> **Exercise input**:
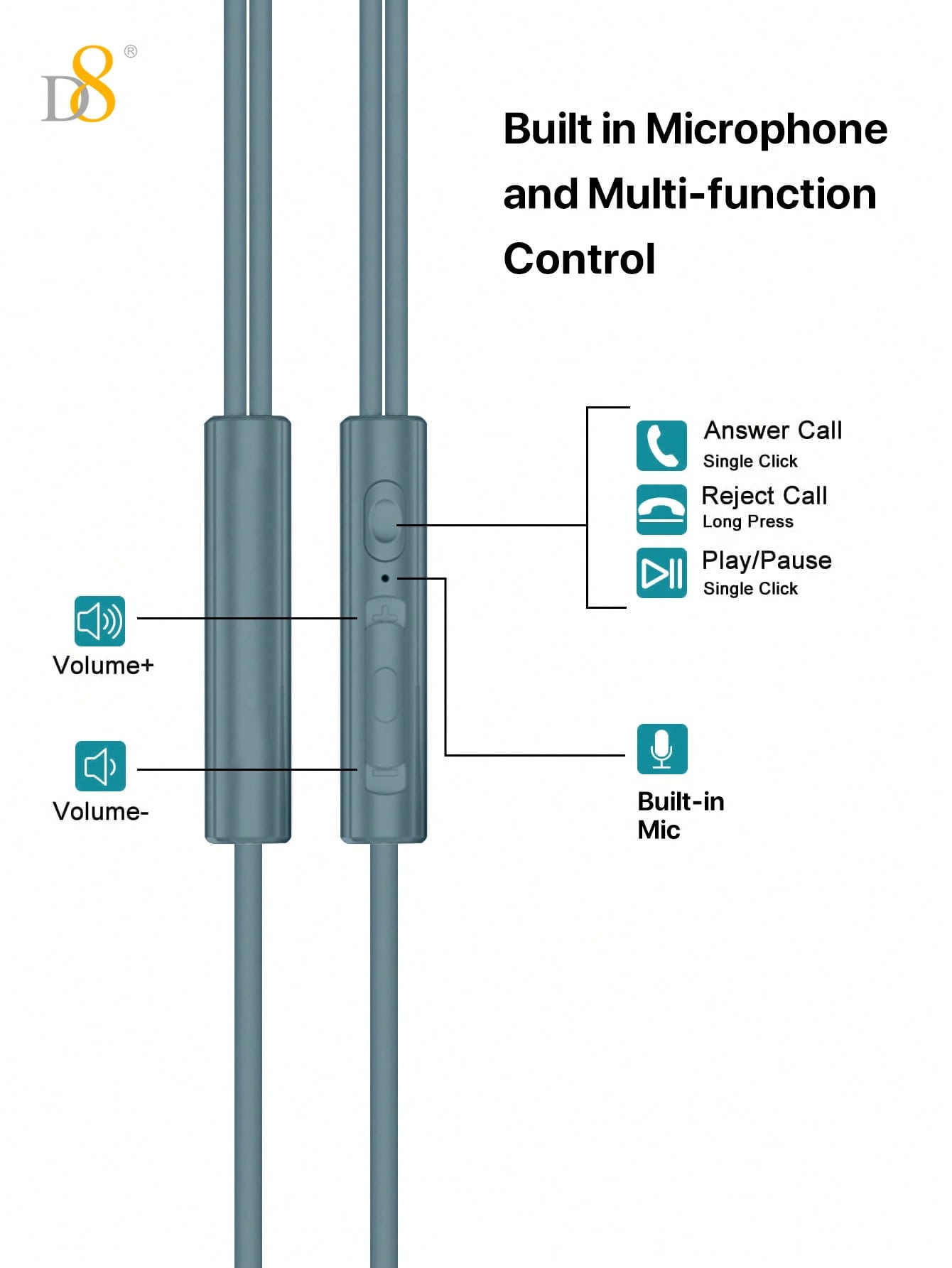 The D8 Type-C Earphones are your ultimate solution for superior audio and convenient control. Whether you're streaming music, attending calls, or enjoying podcasts, these in-ear earbuds deliver high-fidelity sound and ergonomic comfort for every occasion. With wide compatibility and noise isolation, they offer an exceptional listening experience for all your daily activities. Upgrade your audio experience today with the D8 Type-C Earphones!
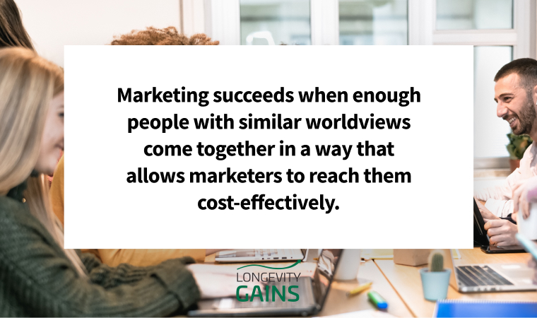 It’s an easy decision to put “positive beliefs about aging” in the profile of your ideal prospect. On the other hand, imagine someone in their 70s who has a negative view of aging, combined with the deteriorating health conditions that often come with it. Any effort to change their mind, much less act on a new belief, is unlikely to succeed.
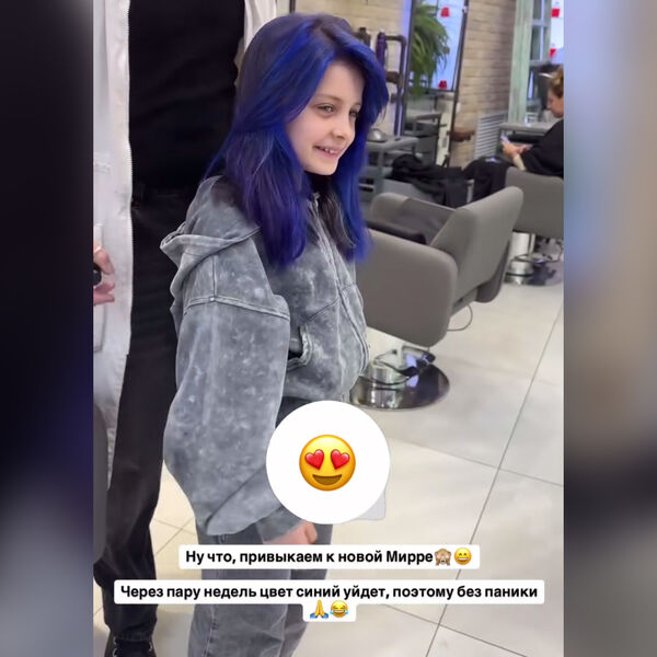 «Привыкаем к новой Мирре. Через пару недель синий цвет уйдет, поэтому без паники. Запрет намного хуже, нежели обсуждение и разумный подход к таким вот изменениям. Мирра начала красить волосы еще зеленкой и сама себя стригла. Но лучше пусть экспериментирует под нашим присмотром и руками профессионалов. Согласитесь? Лучше на раннем этапе все это пройти и потерять интерес, чем жить в запрете, а потом пуститься во все тяжкие. Когда еще экспериментировать, если не в детстве? Мы позволяем то, что не запрещено законом», — высказалась знаменитость.
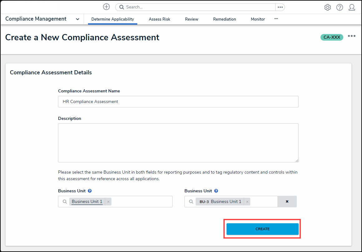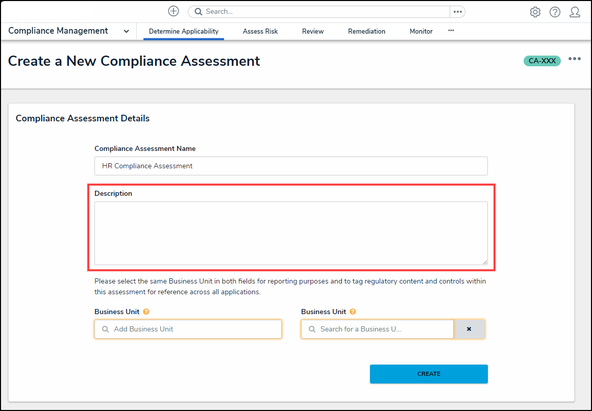 - (Optional) Enter a brief description outlining the compliance assessment in the Description field.
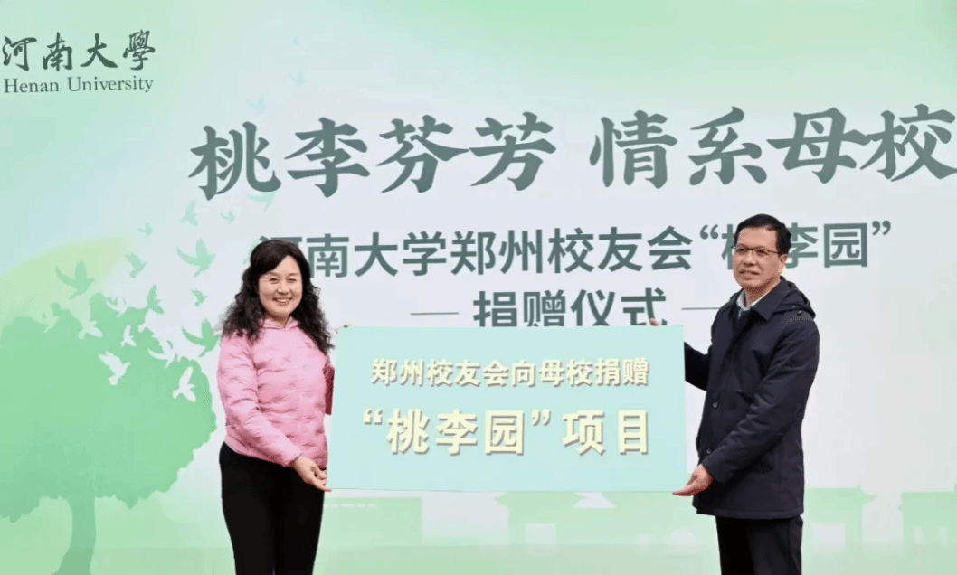 3月19日,河南大学郑州校友会“桃李园”捐赠仪式在龙子湖校区举行。郑州校友会会长张占仓、执行会长兼秘书长李传荣、副会长郭建伟,河南大学龙子湖校区综合管理办公室主任刘香宇、校友工作办公室副主任骆春丽及校友代表齐聚现场,共叙校友情谊,共为母校添绿,捐赠仪式由教育发展基金会副主任高欢主持。
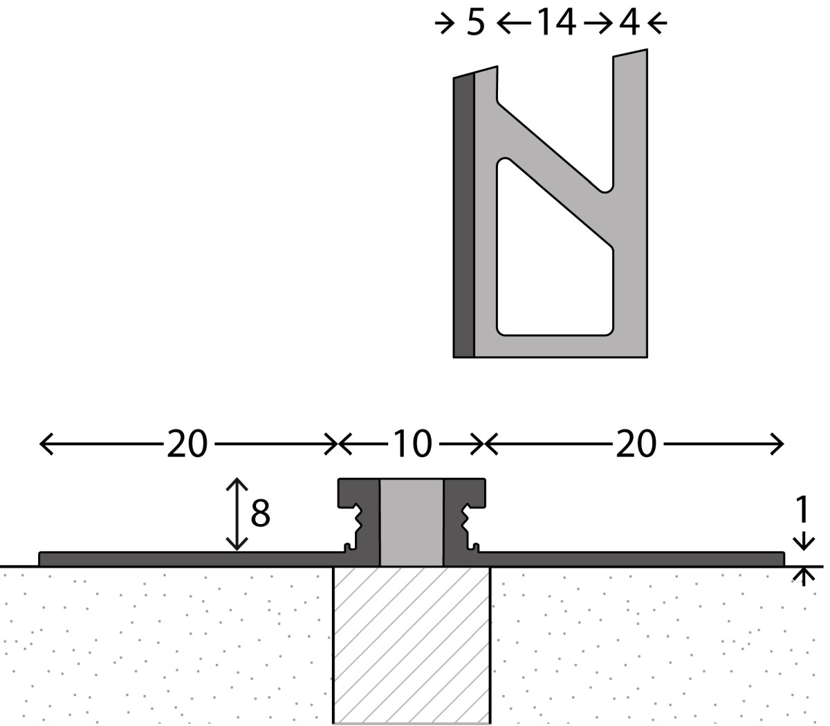 The expansion joint profile is used for all floor coverings to bridge expansion and construction movement joints. The profile is laid out so that it lies exactly over the joint in the subfloor so that the floor joint can continue to move.
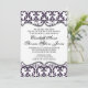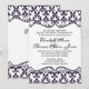 Este convite feito sob encomenda do casamento é perfeito para seu casamento clássico, elegante. Um fundo intrincado do damasco caracteriza um teste padrão subtil do coração. Disponível em toda a cor feita sob encomenda, apenas contacte-nos para a personalização do produto, sem qualquer custo adicional. Não esqueça personalizar a parte traseira com seu e o dela iniciais.

> **Your assignment**: Once the line containing "- (Optional) Enter" is found in the records above, it and every line after it up to the last must be repeated exactly, without pictures.

> **Answer**:
 - (Optional) Enter a brief description outlining the compliance assessment in the Description field.
 3月19日,河南大学郑州校友会“桃李园”捐赠仪式在龙子湖校区举行。郑州校友会会长张占仓、执行会长兼秘书长李传荣、副会长郭建伟,河南大学龙子湖校区综合管理办公室主任刘香宇、校友工作办公室副主任骆春丽及校友代表齐聚现场,共叙校友情谊,共为母校添绿,捐赠仪式由教育发展基金会副主任高欢主持。
 The expansion joint profile is used for all floor coverings to bridge expansion and construction movement joints. The profile is laid out so that it lies exactly over the joint in the subfloor so that the floor joint can continue to move.
 Este convite feito sob encomenda do casamento é perfeito para seu casamento clássico, elegante. Um fundo intrincado do damasco caracteriza um teste padrão subtil do coração. Disponível em toda a cor feita sob encomenda, apenas contacte-nos para a personalização do produto, sem qualquer custo adicional. Não esqueça personalizar a parte traseira com seu e o dela iniciais.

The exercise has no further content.